● **WHAT YOU NEED TO DO**: An exact repetition of the data is required; no picture should appear in it.

● **DATA SECTION**:
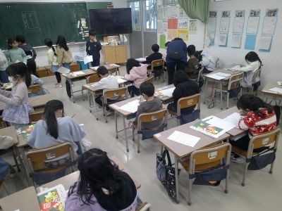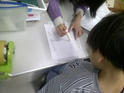 1年生の初めての書初めは硬筆。その練習をしている学級がありました。一文字一文字ていねいに書いて、担任に見てもらいアドバイスを受け、さらに練習。1月の本番が楽しみです。
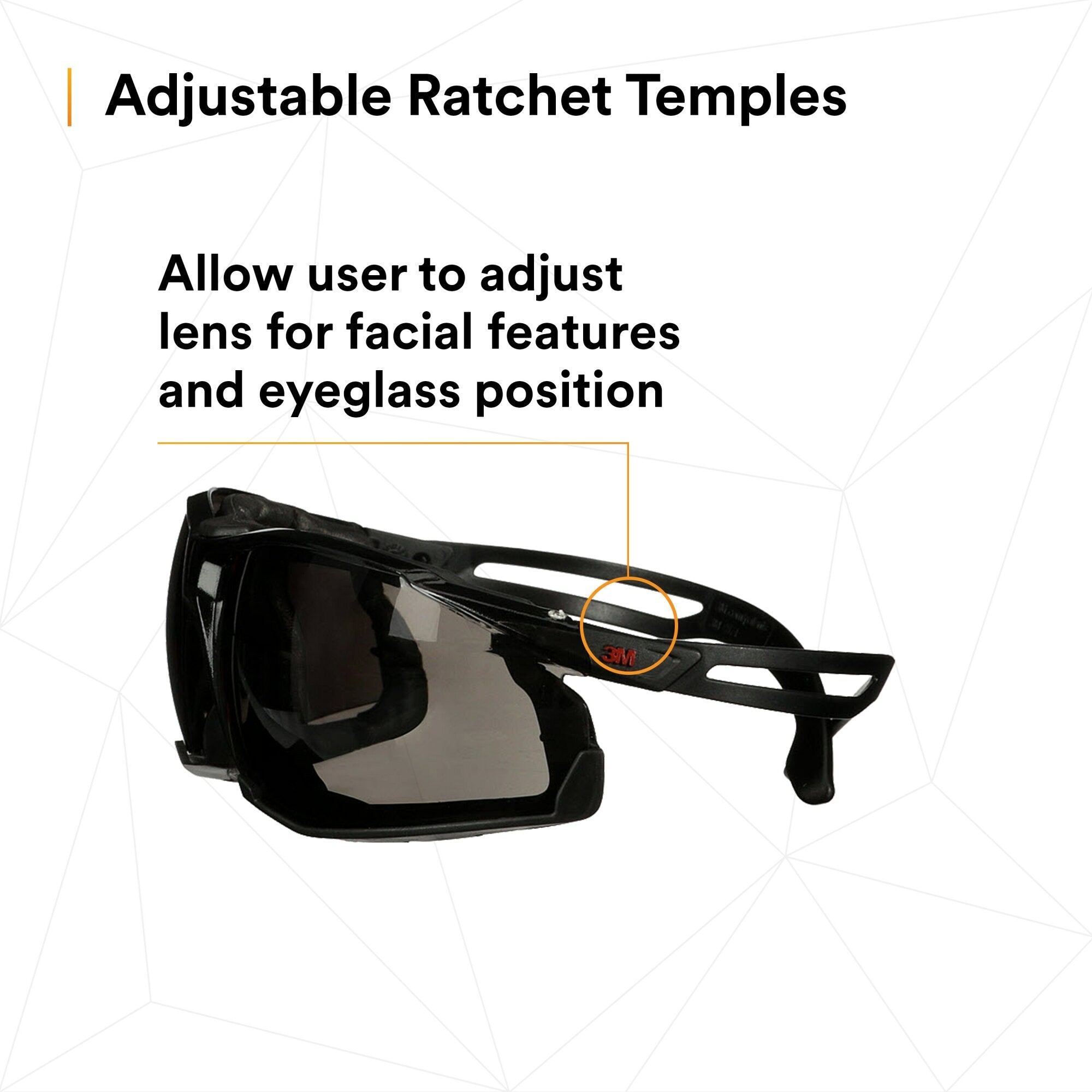 - Adjustable ratchet temples allow user to adjust the lens for facial features and eyeglass position.
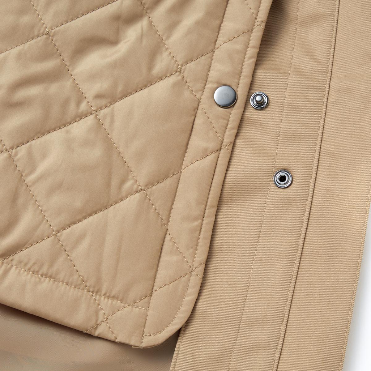 ■[コート]ポリエステル100%(ツイル) 裏地あり [ライナー]ポリエステル100%(タフタ) 中わた/ポリエステル100%●[コート]前左右フラップ付ポケット・ウエストドロスト仕様・後ろベンツ入り [ライナー]前左右ポケット ●重量/約1120g(Mサイズ●コート:洗濯機OK ライナー:手洗いOK●中国製
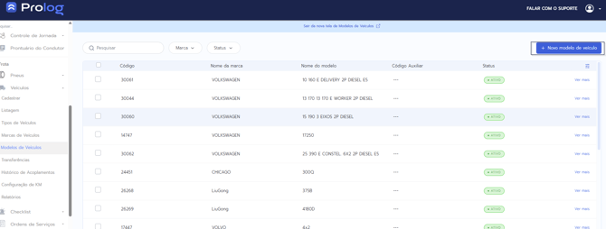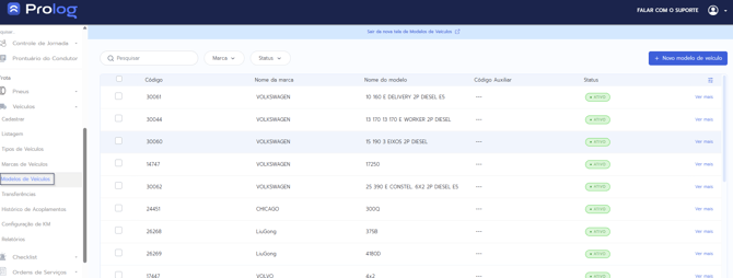 1 - No menu do PrologWeb, escolha a opção Veículos > Modelos de veículos.

● **RESPONSE BOX**:
 1年生の初めての書初めは硬筆。その練習をしている学級がありました。一文字一文字ていねいに書いて、担任に見てもらいアドバイスを受け、さらに練習。1月の本番が楽しみです。
 - Adjustable ratchet temples allow user to adjust the lens for facial features and eyeglass position.
 ■[コート]ポリエステル100%(ツイル) 裏地あり [ライナー]ポリエステル100%(タフタ) 中わた/ポリエステル100%●[コート]前左右フラップ付ポケット・ウエストドロスト仕様・後ろベンツ入り [ライナー]前左右ポケット ●重量/約1120g(Mサイズ●コート:洗濯機OK ライナー:手洗いOK●中国製
 1 - No menu do PrologWeb, escolha a opção Veículos > Modelos de veículos.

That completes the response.